4) Measure all stages of the process. You need to establish metrics for all stages of the recruitment and hiring process, from initial posting to screening and interviews. These metrics establish targets for increasing the number of under-represented groups in the slate of candidates as they move through the hiring process: identification, screening and the various iterations of interviews. Critically, it embeds accountability in the hiring manager and recruitment team throughout the process. This approach is much more successful in boosting the number of people from under-represented groups in final hiring decisions, which makes it more sustainable than simply slapping a quota on the final hiring result. 

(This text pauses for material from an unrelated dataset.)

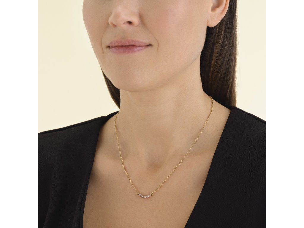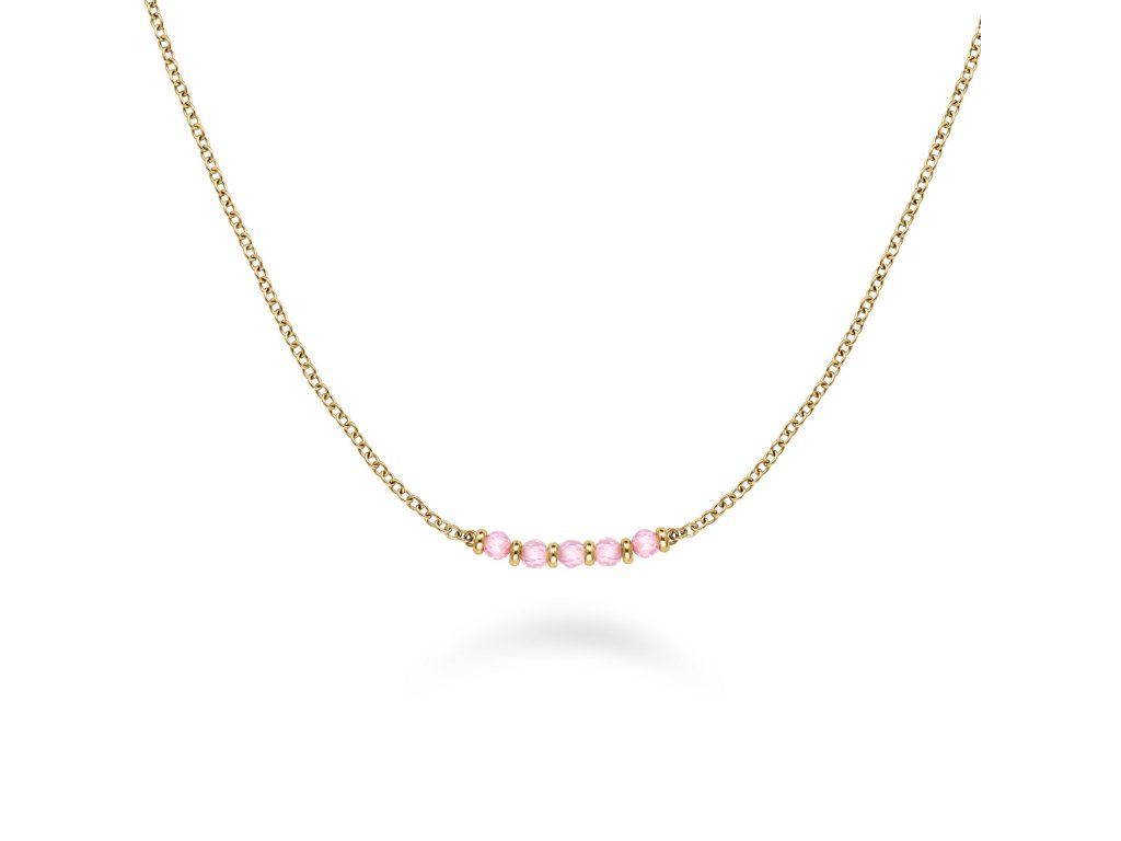 Ak dávate prednosť jemnejším a menej výrazným šperkom, tento retiazkový náhrdelník sa stane vašímobľúbené príslušenstvo pre každú príležitosť. Jemná pozlátená retiazka s korálkami z prírodného kameňa v ružovej farbejemne zdobí váš dekolt.

5) Ensure diversity is reflected in the hiring team. There is no getting around the fact that a lack of diversity in a group of hiring managers will ultimately frustrate attempts to increase hiring diversity. That is not a condemnation of hiring managers, per se. Decades of research has established that – consciously or unconsciously – we are much more likely to hire someone who looks and sounds like us. In fact, a lack of diversity among hiring managers is still considered one of the biggest barriers to increasing organizational diversity. So, if you want to see 20 percent of candidates from under-represented groups, you may need to ensure that 20 percent of hiring managers are from under-represented groups.

6) “Fit” has become the “f-word” in recruitment. There was a time when the term “fit” was the buzzword for hiring managers. The theory was that it didn’t make sense to hire someone who didn’t align with an organization’s pre-established culture or philosophy. However, it didn’t take long for HR professionals to realize that “fit” also served as a huge barrier to both diversity and inclusion. If you have a set of pre-determined organizational values and qualities, then you’re going to be destined to hire people who are very similar to the people you already employ. Organizations need to challenge their preconceptions about culture and values to attract a more diverse talent pool. By definition, improving an organization’s approach to diversity and inclusion requires cultural change, and this is one of the best places to start.

7)  Hiring is a two-way street. In terms of talent recruitment, it’s important to note that most people want to work in a place where they won’t be the only person who looks and sounds like them. Candidates who see themselves reflected in the senior leadership of an organization will have more faith that the organization will be inclusive of them and will see for themselves equal opportunity to pursue paths for development and promotion. Organizations that lack the obvious signs of progress on D&I may ultimately miss out on hiring top talent from under-represented groups.

Meaningful improvement in D&I starts with meaningful improvements in your recruitment and hiring process. As organizations face a long-overdue reckoning with the cultures and mechanisms that have excluded under-represented groups, many leaders have found themselves unsure where to start. In large part, the starting point is making a deliberate decision to transform words into actions and invest in change that will impact all aspects of a business.

The good news is that there are practical, immediate measures you can take to ensure, at a minimum, that you’re attracting a much more diverse talent pool. These measures won’t solve the problem, but it will help you make the first step towards real D&I progress.